La autoridad competente velará porque la información que se deba proporcionar en relación con un foco o caso de fiebre aftosa en una explotación, matadero o medio de transporte en virtud de los apartados 1, 2 y 3 vaya seguida lo antes posible por un informe escrito, que se remitirá a Ministerio de Agricultura, Pesca y Alimentación, para su traslado posterior por este, a través del cauce correspondiente, a la Comisión Europea y a los demás Estados miembros, que contenga al menos los siguientes elementos:
La fecha en la que se hayan sacrificado los animales de especies sensibles de la explotación, matadero o medio de transporte y la fecha en la que se hayan transformado sus canales.
Los resultados de las pruebas realizadas con las muestras tomadas en el momento de sacrificar los animales de especies sensibles.
En el caso de que se haya recurrido a la excepción prevista en el artículo 18, el número de animales de especies sensibles que se hayan sacrificado y transformado, así como, cuando proceda, el número de animales de especies sensibles que hayan de sacrificarse posteriormente y el plazo establecido para llevar a cabo dicho sacrificio.

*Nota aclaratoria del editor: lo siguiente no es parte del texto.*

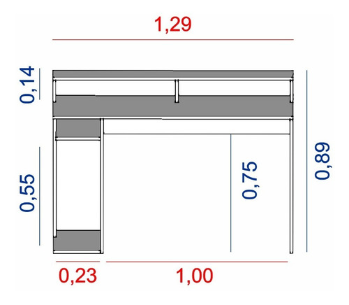 1,29 de ancho x 0,89 de Alto x 0,60 mts. de Profundidad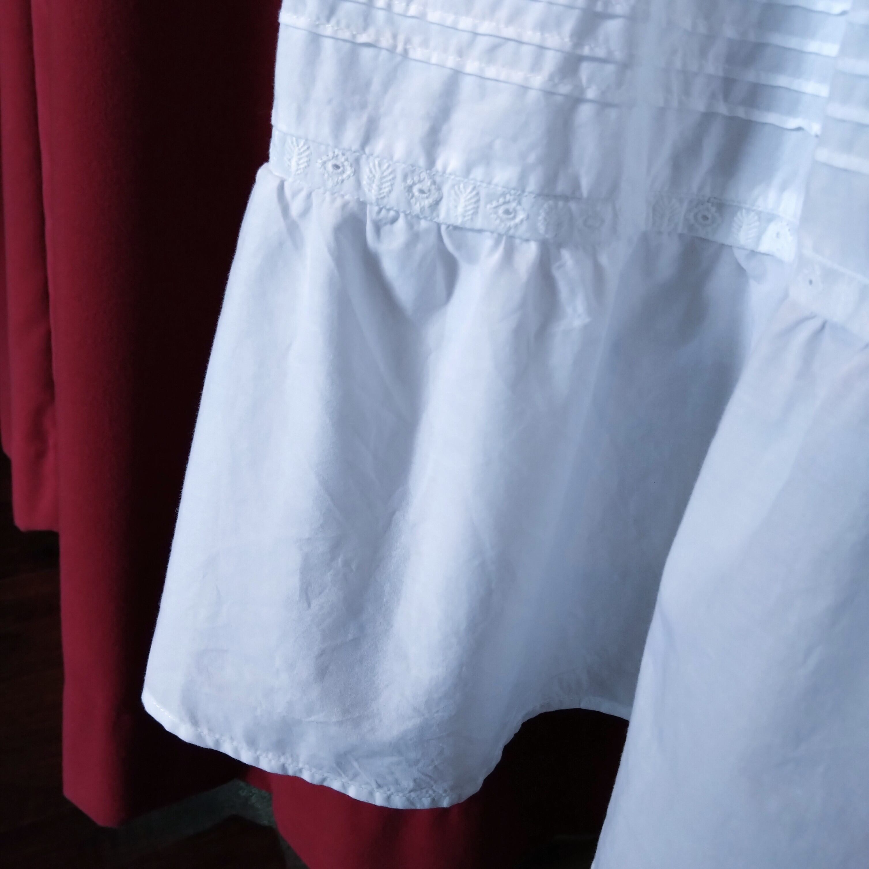ピンタックとリボンレースの切り替えで広がりすぎないシルエットに。

Cualquier dato referente al posible origen de la enfermedad o al origen de la enfermedad cuando se haya podido determinar.
En el caso de foco o caso primario de fiebre aftosa en un matadero o medio de transporte, el tipo genético del virus responsable del foco o del caso.

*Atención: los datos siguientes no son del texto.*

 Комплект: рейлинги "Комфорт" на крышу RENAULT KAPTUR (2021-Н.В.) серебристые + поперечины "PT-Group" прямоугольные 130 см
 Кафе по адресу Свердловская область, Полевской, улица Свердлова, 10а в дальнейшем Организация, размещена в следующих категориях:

En el caso de que se hayan sacrificado animales de especies sensibles de explotaciones de contacto o de explotaciones con animales de especies sensibles sospechosos de estar infectados con el virus de la fiebre aftosa, información sobre:
1.º La fecha de matanza y el número de animales de especies sensibles de cada categoría sacrificados en cada explotación y, en el caso de que hubiera animales de especies sensibles en explotaciones de contacto que no hayan sido sacrificados, información sobre los motivos de esta decisión.
2.º La relación epizootiológica entre el foco o caso de fiebre aftosa y cada una de las explotaciones de contacto y los motivos que hayan llevado a sospechar la presencia de fiebre aftosa en cada explotación sospechosa.
3.º Los resultados de las pruebas de laboratorio realizadas con las muestras tomadas de los animales de especies sensibles en las explotaciones y en el momento de sacrificarlos.
Cuando no funcione el sistema de notificación de enfermedades animales, deberá utilizarse otro medio de comunicación.
ANEXO III. Investigación
Examen clínico.
1.1 Las explotaciones serán objeto de exámenes clínicos de todos los animales de especies sensibles para detectar signos o síntomas de fiebre aftosa.
1.2 Se insistirá especialmente en los animales que hayan estado expuestos con alta probabilidad al virus de la fiebre aftosa, particularmente por transporte desde explotaciones de riesgo o por estrecho contacto con personas o equipos que hubieran estado a su vez en estrecho contacto con explotaciones de riesgo.
1.3 El examen clínico tendrá en cuenta la transmisión de la fiebre aftosa, incluyendo el período de incubación contemplado en el artículo 2.2.f), y cómo se mantienen los animales de especies sensibles.
1.4 Los registros pertinentes conservados en la explotación serán examinados a fondo, prestando especial atención a los datos requeridos a fines veterinarios por la Unión Europea, así como a los datos, si están disponibles, sobre morbilidad, mortalidad y abortos, observaciones clínicas, cambios en la productividad e ingesta de pienso, adquisición o venta de animales y visitas de personas que pudieran estar contaminadas, y a otros datos de importancia como antecedentes.
Métodos de muestreo.
2.1 Disposiciones generales.
2.1.1 Se efectuará un muestreo serológico:
2.1.1.1 De acuerdo con las recomendaciones del equipo epizootiológico creado dentro del grupo de expertos contemplado en el artículo 77.
2.1.1.2 Y para permitir la localización y la demostración, teniendo también en cuenta la definición del anexo I, de ausencia de infección anterior.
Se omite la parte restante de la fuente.